As one of Moo’s own ex-UMNO devotees, Annuar Musa, has now let slip, this treacherous ex-PM himself transported millions of ringgit in grubby notes into his own hotel room in Sabah to distribute at the state election in order to shore up a new stronghold in that state.
Musa saw the cash with his own eyes, piled up by Moo’s own bed, he has testified in an effort to cite the incident as a positive sigh of ‘loyalty’ to his new coup coalition partners whom Moo desperately needed to win seats.
Welcome to the gangland ‘morality’ of PN which clearly sees no wrong in such corruption and vote buying, but there is nothing religious about it.
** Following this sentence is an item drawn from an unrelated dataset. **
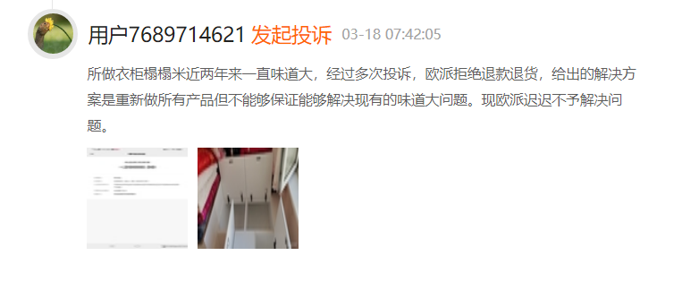 另有用户反映:所做衣柜榻榻米近两年来一直味道大,经多次投诉,欧派拒绝退款退货,给出的解决方案是重新做所有产品,但不能够保证能够解决现有的味道大问题。现欧派迟迟不予解决问题。

The anti-corruption authorities under the newly elected government are asking Musa to divulge more about his guileless acknowledgement.
Yet, at the time, the PAS party led by Hadi Awang aligned itself with all of this, along with the blatant bribery with public money of numerous hopping parliamentarians, and blackmail too, whilst lucrative posts were handed to PAS’s own MPs.
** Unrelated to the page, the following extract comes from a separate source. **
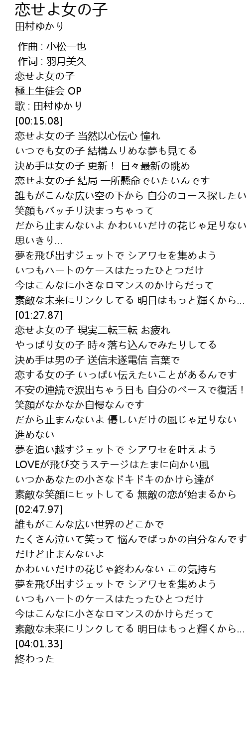 | [01:37.30] | 恋せよ女の子 現実二転三転 お疲れ |

All the while they were indulging in sanctimonious self-praise for continuing to support the prosecution and imprisonment of Moo’s former boss, Najib, whom Moo hated and had betrayed (along with so many others). Was this about morality or selective convenience to suit themselves?
After all, at the same time as condemning Najib, Moo and PAS nonetheless relied upon his vote in Parliament right until the day he was banged up jail – all the while letting other crooks off the hook,
They likewise relied on all of Najib’s army of UMNO/BN MPs and hangers-on who had supported the corruption for years, as had Moo himself in his role as Najib’s deputy until he was sacked for trying to snatch his job.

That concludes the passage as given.